Segment Open

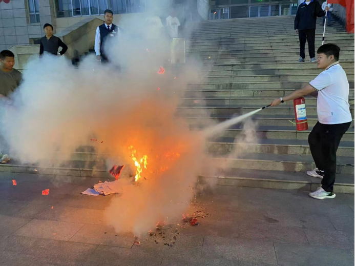 随后在学院实训广场举行了消防演练,贺钞锋教员详细介绍了灭火器的使用方法和注意事项,并亲自进行了示范,然后面对熊熊烈火,多名学生亲自使用灭火器进行了灭火演练。
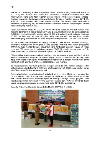 Juli 2020, BLK Kendari dan seluruh BLK se-Indonesia bergerak mendistribusikan dan
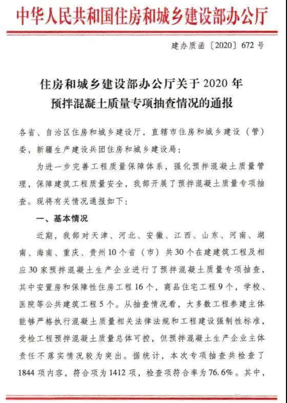 據(jù)悉,住建部對(duì)天津、河北、安徽、江西、山東、河南、湖南、海南、重慶、貴州10個(gè)省(市)30個(gè)在建建筑工程及30家預(yù)拌混凝土生產(chǎn)企業(yè)進(jìn)行了預(yù)拌混凝土質(zhì)量專項(xiàng)抽查,共檢查了1844項(xiàng)內(nèi)容,符合項(xiàng)為1412項(xiàng),檢查項(xiàng)符合率為76.6%。

Segment Closed

* _WHAT YOU ARE ASKED TO DO_: Only the pictures are to be dropped; all other material above must be repeated exactly.

* _SOLUTION TO THIS PROBLEM_:
 随后在学院实训广场举行了消防演练,贺钞锋教员详细介绍了灭火器的使用方法和注意事项,并亲自进行了示范,然后面对熊熊烈火,多名学生亲自使用灭火器进行了灭火演练。
 Juli 2020, BLK Kendari dan seluruh BLK se-Indonesia bergerak mendistribusikan dan
 據(jù)悉,住建部對(duì)天津、河北、安徽、江西、山東、河南、湖南、海南、重慶、貴州10個(gè)省(市)30個(gè)在建建筑工程及30家預(yù)拌混凝土生產(chǎn)企業(yè)進(jìn)行了預(yù)拌混凝土質(zhì)量專項(xiàng)抽查,共檢查了1844項(xiàng)內(nèi)容,符合項(xiàng)為1412項(xiàng),檢查項(xiàng)符合率為76.6%。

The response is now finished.